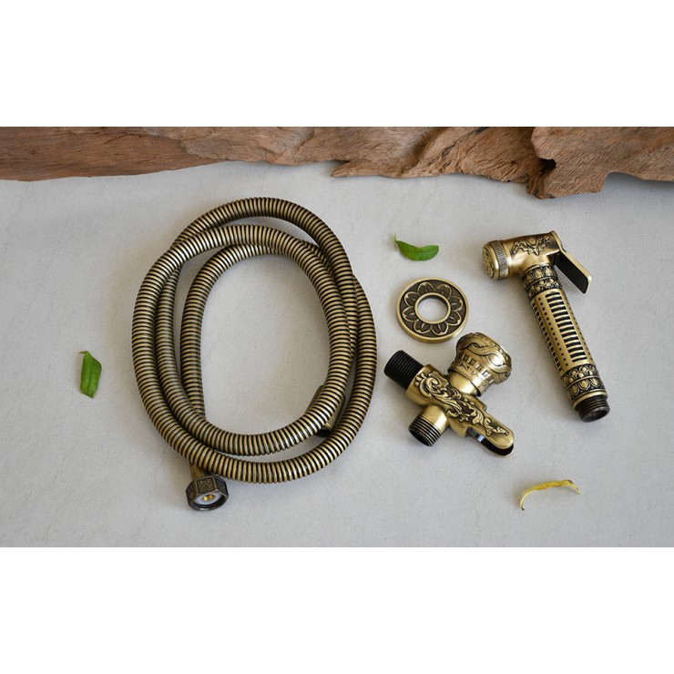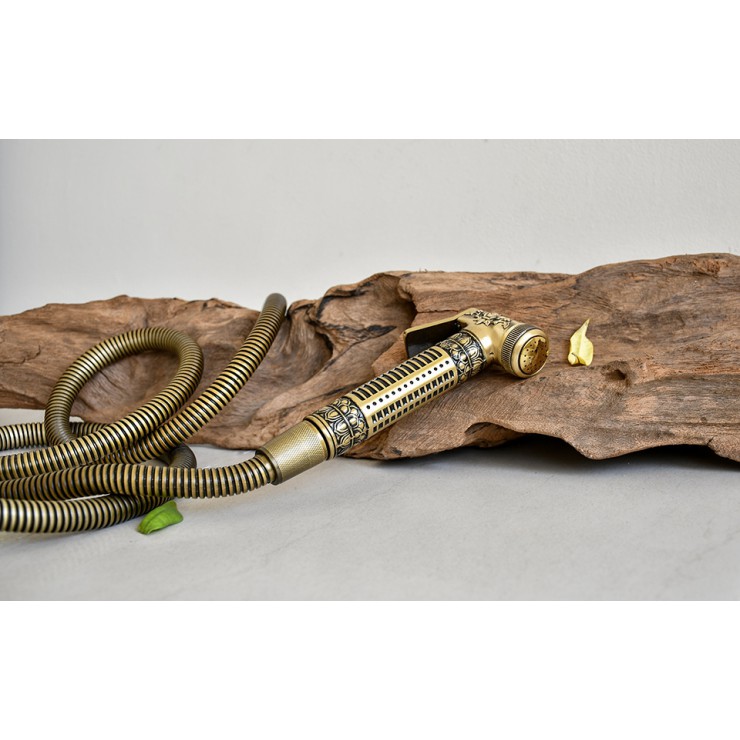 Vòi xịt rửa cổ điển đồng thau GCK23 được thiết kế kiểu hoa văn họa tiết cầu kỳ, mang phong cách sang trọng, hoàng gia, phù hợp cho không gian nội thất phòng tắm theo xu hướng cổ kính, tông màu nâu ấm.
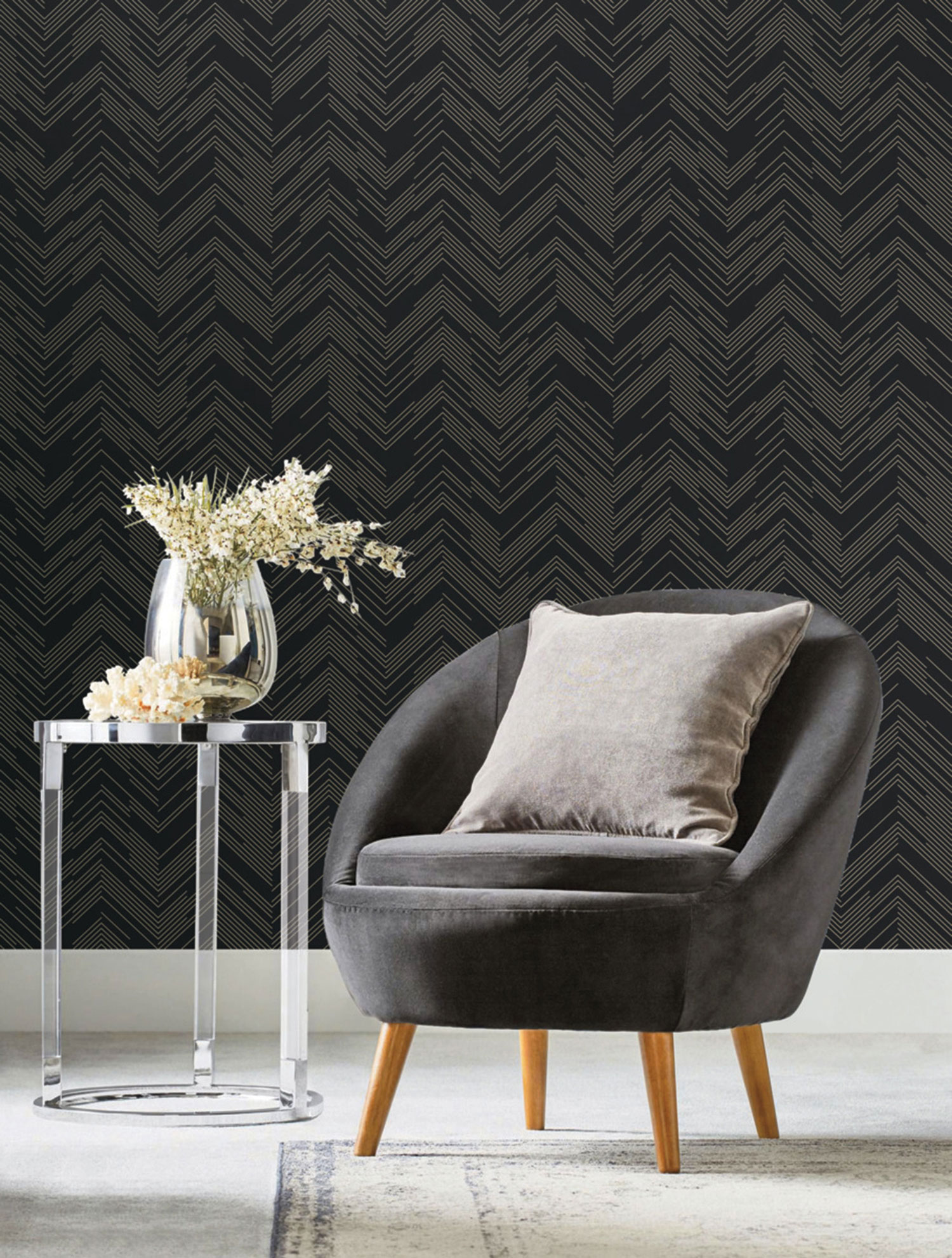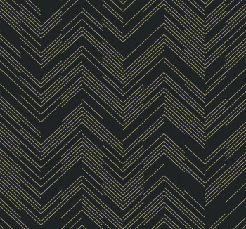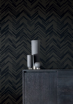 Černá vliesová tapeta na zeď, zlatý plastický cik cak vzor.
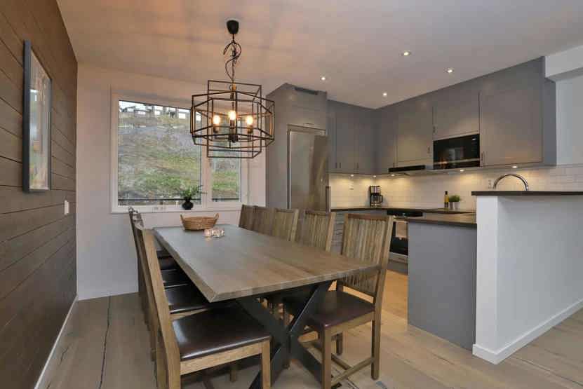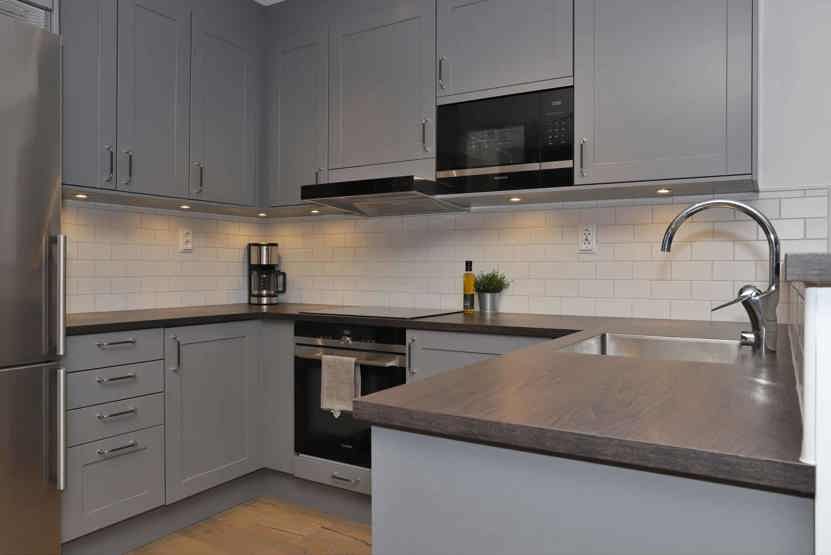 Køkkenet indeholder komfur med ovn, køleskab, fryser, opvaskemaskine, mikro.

WORK REQUIRED: Restate all the material verbatim; omit every picture.

PROBLEM SOLUTION:
 Vòi xịt rửa cổ điển đồng thau GCK23 được thiết kế kiểu hoa văn họa tiết cầu kỳ, mang phong cách sang trọng, hoàng gia, phù hợp cho không gian nội thất phòng tắm theo xu hướng cổ kính, tông màu nâu ấm.
 Černá vliesová tapeta na zeď, zlatý plastický cik cak vzor.
 Køkkenet indeholder komfur med ovn, køleskab, fryser, opvaskemaskine, mikro.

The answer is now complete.